Ich stelle mir vor: Auch für Maria und Josef damals am ersten Weihnachten ist der Alltag ganz schnell wieder gekommen.
Das Kind war geboren. Die Hirten sind wieder zurückgekehrt zu ihren Herden. Aber für die jungen Eltern war damit noch nicht vorbei und erledigt, was geschehen war.
Ein paar Tage später sind Maria und Josef mit dem Kind nach Jerusalem gegangen in den Tempel. Sie haben Gott gedankt für das Geschenk des neuen Lebens, dass alles gut gegangen war mit der Geburt.
Dabei ist ihnen - mitten in dem Gewusel und Gewühl von Menschen - Simeon begegnet, ein Mann, der schon viel erlebt hat. Er war alt und vom Leben gezeichnet.
Dieser alte Mann war fast jeden Tag im Tempel. Er hat die vielen Leute kaum noch wahrgenommen. Aber an diesem Tag ist sein Blick auf die junge Familie gefallen und auf das gerade mal ein paar Tage alte Kind.
Und da hat Simeon in seinem Herzen gespürt: „Das ist es. Mit so einem Kind fängt die Welt neu an. Mit diesem Kind fängt die Welt Gottes an. Dieses Kind wird uns den Weg zeigen, den wir gehen können."
Der alte Mann hat den kleinen Jesus auf seine Arme genommen und Gott gepriesen: „Nun kann ich in Frieden sterben, denn meine Augen haben den Heiland Gottes gesehen! Es ist wahr: Gott hat sein Volk nicht vergessen!"
Mich beeindruckt diese Szene im Tempel. Simeon mag zwar äußerlich alt und gebrechlich gewesen sein, aber innerlich war er ganz wach für den besonderen Augenblick. Er hat gesehen und entdeckt und verstanden.
Er ist nicht einfach vorüber gegangen an diesem Kind wie die vielen hundert anderen Besucher im Tempel. Er hat sich von diesem Kind berühren lassen und Trost gefunden.

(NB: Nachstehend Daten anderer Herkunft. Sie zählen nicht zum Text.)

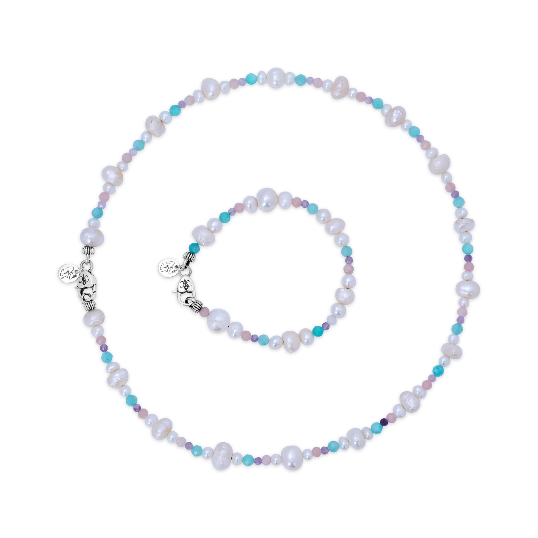 • natural variation of freshwater pearls and faceted gemstones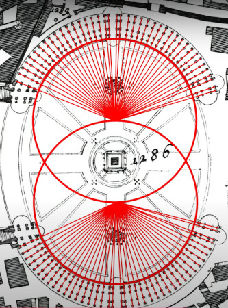On the "oval-shaped square" are two places that are marked on the central axis from where the rows of 4 colonades become one. See above.

Ich finde: Das ist ein ganz kostbarer Moment im Leben eines Menschen, wenn er entdeckt, was Gott ihm schenken will. Wenn er in Jesus den sehen kann, der sein Leben hell macht. Wenn er in dem Kind in der Krippe den Heiland der Welt erblicken kann.
Vielleicht kann ich mir heute Zeit nehmen und zurückblicken auf dieses Jahr und nach diesen besonderen Momenten Ausschau halten: Wo hat Gott mir Fingerzeige gegeben, dass er an mich denkt? Dass ich nicht vergessen bin?
Was habe ich in diesem Jahr übersehen? Wo bin ich vielleicht an Gott  vorbeigegangen, ohne es zu merken, weil ich zu beschäftigt war mit mir, mit meinen Sorgen, mit meinen Plänen. Weil meine Gedanken ganz woanders waren.
Diese letzten Tage des Jahres sind eine Einladung, aufmerksam zurückzuschauen und die besonderen und kostbaren Augenblicke wahrzunehmen. Ich glaube: Wir begegnen ihnen öfter, als wir denken.